Sunday, 21 April 2013

On dialectics

1. What follows is a summary of Kolakowski’s historical outline of the philosophical and theological development of dialectical modes of thinking (“The Origins of Dialectic” in Main Currents of Marxism).

2. I’ve always been at my happiest in libraries, and I first read this in the John Ryland’s Library in Manchester 25 years ago. It seemed to me inconceivably strange and esoteric. But it stayed with me, niggling at the back of my brain on and off ever since. So I’ve always wanted to pin down: What is dialectics? How did it help to inform Marx’s social scientific approach? Is there anything to it, anything useful about it other than that? Or is it just an interesting way of thinking, a kind of literary presentation with no particular appeal or power from the point of view of generating practical, political knowledge and advice?

3. The dialectical outlook before Marx finds its roots in the romantic reaction against the Enlightenment; the Enlightenment its origins in the reaction against Christianity, by which it is nevertheless defined; and Christian theology through its absorption of elements of ancient Greek thought.

4. A focus and stimulus of Greek philosophy was contemplation of the human condition: in particular, that we are subject to time and decay, to non-existence before we were born and to death at some point afterwards. For Aristotle, it is a quintessential feature of humans that it is possible for them not to exist (in contrast, the Divine can neither come into existence nor exit from it). For Plato, the most tell-tale marker of human life is the gap between our knowledge from experience that our lives are subject to short time spans and the innate knowledge that we come from and belong to the eternal, which is built into the soul: we experience this gap as a nagging sense of incompleteness, unease, of alienation, angst, ennui. 

But if god is complete and self-sufficient, never changes and is outside the vicissitudes of time, for what reason does he create human beings, who are subject to both?

These views of the human-divine relation and this last question strongly influenced Christian theology (medieval and then north European Protestant mysticism). However, before that, we must first look at how the relationship between mankind and the eternal was handled by Plotinus, one of Plato’s followers.

5. For those plagued by a sense of incompleteness and separation from the eternal, Plotinus has an explanation of how this came about and advice on how to address or solve it.

Humans are partial creatures, and only get a glimpse of the possibility of their wholeness by remembering their past and anticipating their future, even though they only actually exist in the moment; whereas the One is all of a piece, undifferentiated, homogenous, outside time.
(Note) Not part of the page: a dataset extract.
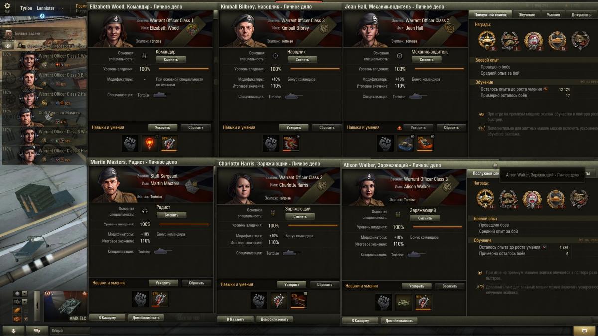 Я получил девушку-танкисту с уровнем обладения боевого братства 100%, и вставил ее в танк Шерман Фаервлай как заряжающий. Потом, остальные танкисты получили 100% друих умений (например снайперское). После того, я изменил их навыки от тех же умений (например от снайперского) на боевое братство. В конечном итоге, получилось, что у всех бойцов комманды было умение "боевое братство" 100%. Разумеется, на тот раз, умение боевое братство должно поступать в силу и повышать навыки и общие уровни всех бойцев комманды. Но не получается. Не знаю почему. Я прикрепляю тут скриншот. http://cdn-frm-eu.wargaming.net/wot/ru/uploads/monthly_01_2017/post-40205065-0-00064900-1484298231_thumb.png Видите, у коммандира - уровень 105%, поскольку у танка есть вентиляции. Но все таки умение боевое братство у него не действует. Должен быть у него уровень выше 110%, а не 105%. И знаки кулаков должны быть яркого цвета, а не столь тенистые.
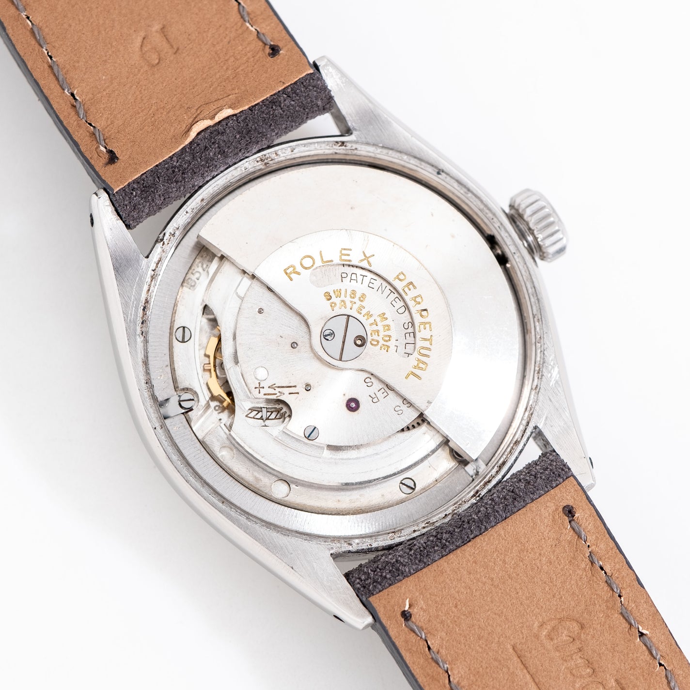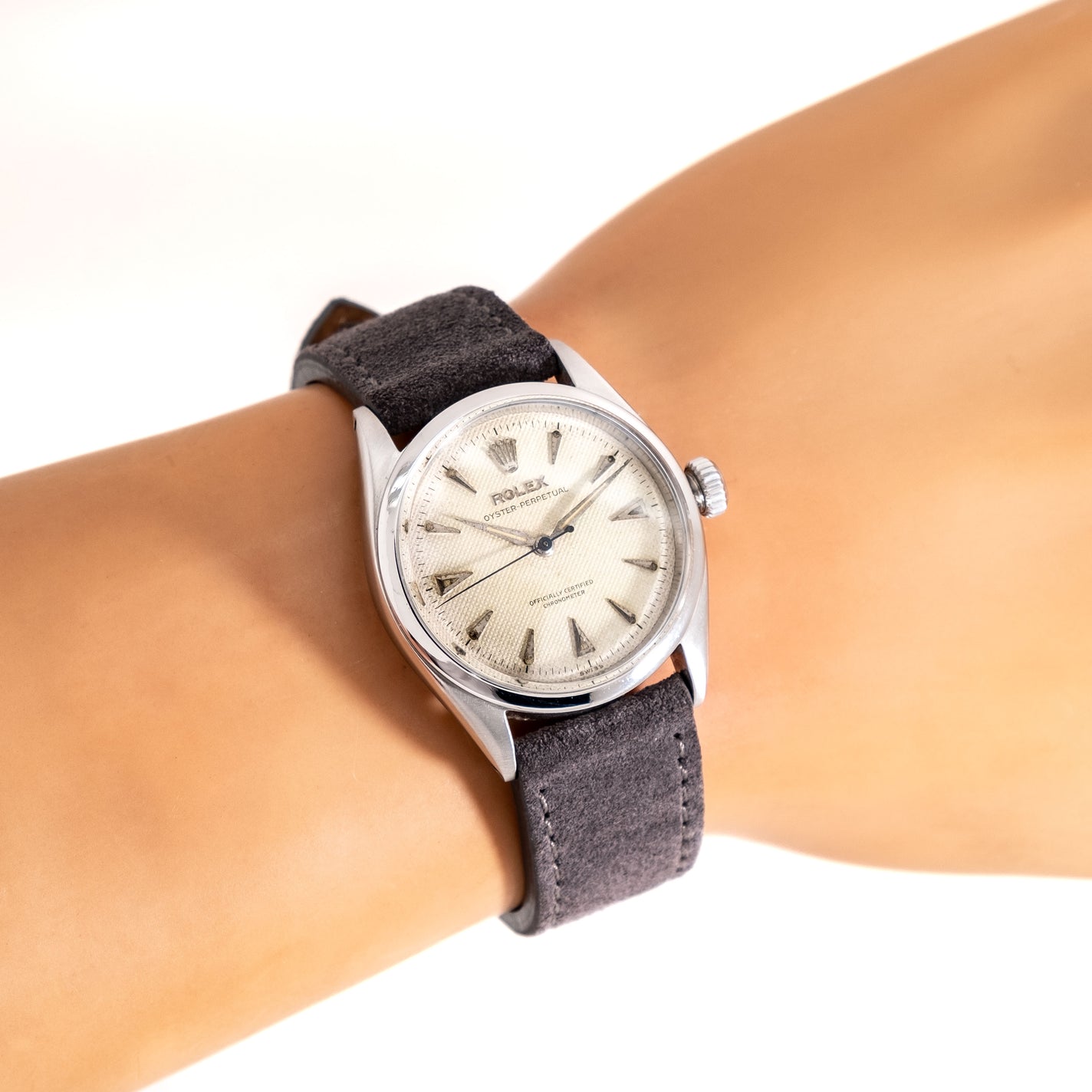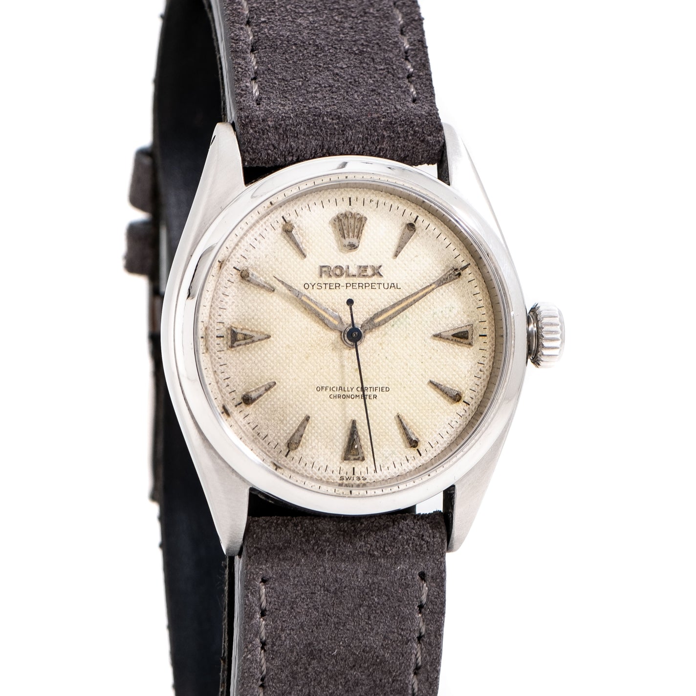1954 Vintage Rolex Oyster Perpetual 34 Waffle Dial Chronometer Ref. 6284 Watch in Stainless Steel. Features an all Original Rolex Aged Silver Waffle Textured Dial with Aged Patina, Applied Steel Pointed Hour Markers with Aged Luminous, Printed Black Colored Minute Track, and Steel Alpha Hands with Aged Luminous. Comes on a 19mm Genuine Suede Leather Grey Colored Strap. Powered by a 15 Jewel Caliber 645 Automatic Winding Movement. Triple Signed. Swiss Made.

Nonetheless, Plotinus reasons, to get from the complete, timeless unity of the One to the flawed reality of human society and life, there must have been a process of degradation, first from unity to division (this is the development of intellect, of the self recognising the self, so that it becomes both the perceiving mind and the thing perceived, the subject and the object, divided, split); then from eternity to time (this is the same as the contamination of the soul by contact with physical reality, with the consequent possibility of evil, ie of death); finally, from stasis to movement with our entanglement and domination by matter (from the immobile self-sufficiency of the One to dependency, lack of self-determination).

For Plotinus, souls have created time by deigning to concern themselves with sensuous objects. Therefore, he recommends withdrawal from the physical world and the world of ideas as a way of reducing distraction from contemplation of the authentic within us that contains the knowledge that could lead back to the path of reunification with the One, a return home.

From the point of view of the influence on (early?) Marx, the important bit is the movement through degradation and fragmentation, followed by a return to completeness and authenticity.